I am blessed by starlight, here in this bed. We had the ceiling removed some years ago, replaced with toughened sheets of glass that we might enjoy the night to the extents of its potential. Each morning, for the first month or so, my beloved or I would climb to the flat roof of the kitchen and reach out over the glass with a soaped mop, cleaning the glass to an elegance of expansive crystal. Now, in autumn, the dry leaves have worked their way into the corners of the glass, for neither of us makes the effort to keep out the rot. We still have the stars, blessing us in our sleep with silent beatific rays, but their glimmering genuflection is framed by decay. It's somehow more real. Occasionally, we dwell on this.

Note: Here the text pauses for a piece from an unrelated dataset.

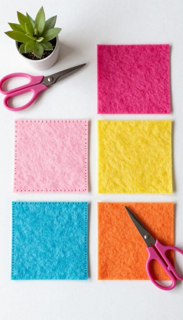 - Cut squares, layer with felt or batting, and glue or stitch.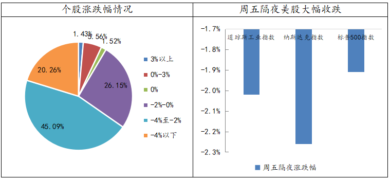 在经历了周四的放量反弹后,周五市场迅速地沉寂下来,各大指数基本回吐了前一日的涨幅,跌幅中位数更是达到了-2.66%,表明市场整体对周末消息面存在担忧。周五,中国国务院关税税则委员会决定自明年起,对美国汽车及零部件暂停加征关税3个月,前期由于惩罚性关税而超跌的零部件厂商、以及特斯拉产业链有望受益。此外,特朗普在推特上也表达了对中美谈判的乐观预期。但周五消息公布后,美股隔夜仍大幅收跌,贸易局势缓和对情绪的提振作用正在逐渐消退,市场对经济增长或将放缓的担忧令股市承压。

When winter comes, wild geese circle overhead, their cries made faint by altitude, but resonating, throbbing with poetry - a longing for the marshland's soft ooze, the bitter taste of green chard crushed in a spoon-like beak, and the necessity of maintaining a distance just so from the flock-mate ahead. Sometimes, when winter is truly here, we wake inside an ice floe, bathed in chill and milky light. Crystal tendrils spill over the expanse above us, and we begin our day somewhat humbled by this glacial water's beauty. We dare not think of the heating bill.
Summer brings pigeons and with them their filth. A black cat prowls over, and observes our sleeping forms: a man-mountain and his beloved, spooned together, squeezed into this. Here in this bed, I am blessed with starlight, surrounded by decay. In this bed it is warm, and my beloved gives out the heat of devotion. I am happy here; for now, at least.